Die Verhaftung Saddams wird allerdings wohl nicht nur ein Rückschlag für die Kampagne Deans sein. Die unsichere Zurückhaltung der Times weist auf einen mindestens ebenso massiven Dämpfer für die Opposition gegen George Bush in den amerikanischen Medien hin, die sich in den vergangenen Wochen gerade erst berappelt hatte. Seit etwa Mitte des Jahres wurden die Fragen in den großen Tageszeitungen nach der Legitimation des Irakkrieges immer lauter, die Kritik an der Ignoranz und Blindheit, mit der Bush in den Krieg gestolpert war, immer bissiger.
Erst Anfang November breitete das New York Times Magazine auf zehn Seiten die Details des Hickhacks zwischen Pentagon und State Department aus, das zum Chaos am Tigris geführt hatte. Noch deutlicher war die Washington Post in ihrer Bush-Skepsis, und mit den beiden maßgeblichen Blättern schwenkte die Stimmung im ganzen Land langsam um.
„Jeder Journalist in den USA liest jeden Morgen die Times und die Post“, erklärt Karen Rothmeyer, Redakteurin bei der linken Nation und ehemalige Reporterin beim Wall Street Journal sowie der Nachrichtenagentur AP, die Pilotfunktion der beiden Blätter.
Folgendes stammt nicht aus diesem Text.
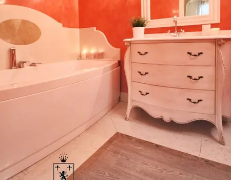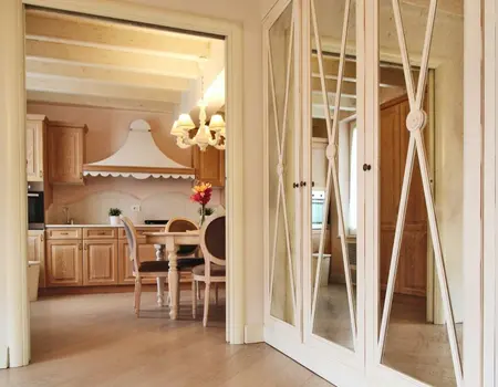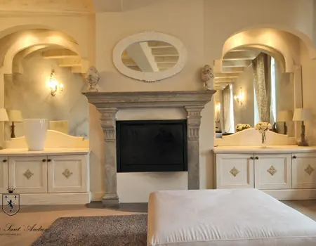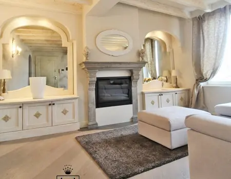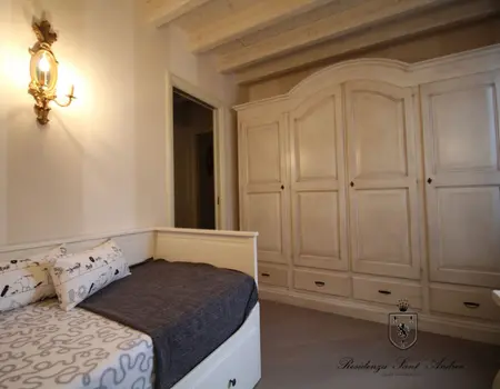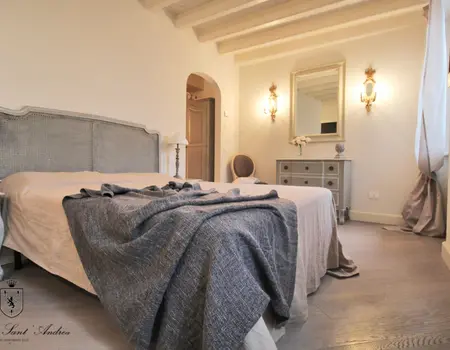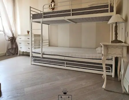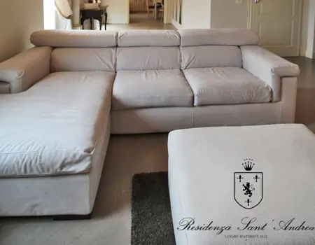 Es ist die größte Wohnung der Residenz, ideal für Unterkunft mit Kindern, oder für diejenigen, die zwei Bäder und drei separate Schlafzimmer im gleichen Haus haben müssen. Zusätzlich zu einem sehr großen Balkon mit einem schönen Blick auf den See, die Wohnung ist eingerichtet mit handgefertigten Möbeln von lokalen Handwerkern. Der Kamin im Wohnzimmer bereichert den Raum, was eine sehr raffinierte Note, immer in der Provence-Taste. Die wirklich einzigartigen Details dieser Wohnung wird Ihren Aufenthalt im Residence Sant’Andrea auf jeden Fall unvergesslich.
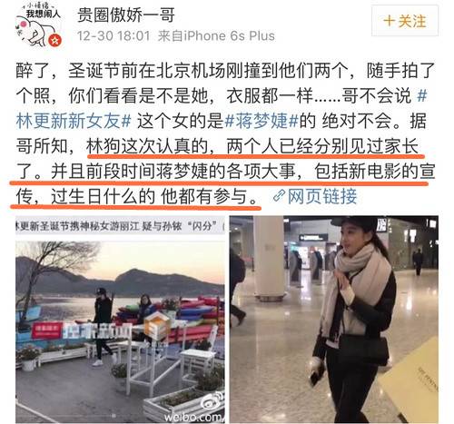而在昨天傍晚,有网友爆料圣诞节前在北京撞见林更新和蒋梦婕,两人在机场出行

Sogar die Fernsehsender scheuten zuletzt nicht mehr den Vergleich mit Vietnam. Bis Hussein gefangen wurde.
Dass sich mit einem solchen Ereignis die öffentliche Meinung innerhalb eines Tages wieder drehen kann, hatte noch unmittelbar vor der Verhaftung Husseins der Dekan des Fachbereichs Journalismus an der Columbia University, Nicolas Lemann, vorhergesagt: „Alles, was Bush braucht, ist eine gute Woche“, prophezeite Lemann. Die Soziologie des Journalismus, erklärte Lemann solchen Wankelmut, sei in den USA eben eine andere, als man das in Europa gewohnt sei. Kein Blatt, kein Sender und kein Reporter stelle sich in den USA grundsätzlich gegen eine Administration: „Die meisten gehen doch davon aus, dass sie weitere vier Jahre in einem von Bush bestimmten Washington zurechtkommen müssen. Der einzige Grund, dass die Kritik laut wurde, war, dass die Dinge im Irak so offensichtlich schief liefen. Mit echter Opposition hatte das nichts zu tun.“
Ein ehemaliger Politik-Redakteur der New York Times, der nicht genannt werden wollte, drückte die Kritikhemmung amerikanischer Journalisten so aus: „Die amerikanischen Journalisten orientieren sich am Erfolg. Und selbst den ganzen Sommer über fiel die Zustimmung zu Bush in den Umfragen nie unter 55 Prozent.“
Rothmeyer, deren Ehemann britischer Korrespondent ist, erklärt die Psychologie der amerikanischen Reporter mit einem Vergleich: „Amerikanische Journalisten verkörpern in der Regel die patriotischen Werte des Durchschnittsamerikas. Eine elitäre, skeptische Tradition wie in England oder Frankreich gibt es praktisch nicht.“ Nicht zuletzt deshalb gingen Journalisten wie sie, die starke politische Überzeugungen besäßen, früher oder später zu alternativen Medien, wie der Nation, die allerdings kaum mehr als eine obskure Minderheit in den Großstädten bedient: „Man muss sich damit abfinden, als unamerikanisch zu gelten.“
Ein weiterer Grund, warum die amerikanischen Mainstream-Medien für europäische Begriffe so zahnlos sind, liegt in einer fast sklavischen und oft hölzern wirkenden Selbstverpflichtung zur Neutralität: „Es gilt noch immer der hehre Grundsatz, dass Nachrichten gefunden und nicht gemacht werden“, so John Carey, Professor für internationalen Journalismus in Boston. Der Journalist hat in seinem Beitrag niemals selbst in Erscheinung zu treten, er ist immer nur Medium zur Darstellung zweier Seiten in einer Debatte. „Wenn jemand behauptet, die Erde sei rund“, so Carey, „wird eine amerikanischer Journalist immer jemanden suchen, der behauptet, die Erde sei flach.“ Niemand sollte Anspruch auf die Wahrheit anmelden. Ein Erbe des amerikanischen Pragmatismus, das dem Land, so Carey, lange Zeit gute Dienste geleistet habe. Spätestens seit dem Vietnamkrieg sei dieses System allerdings heillos überfordert.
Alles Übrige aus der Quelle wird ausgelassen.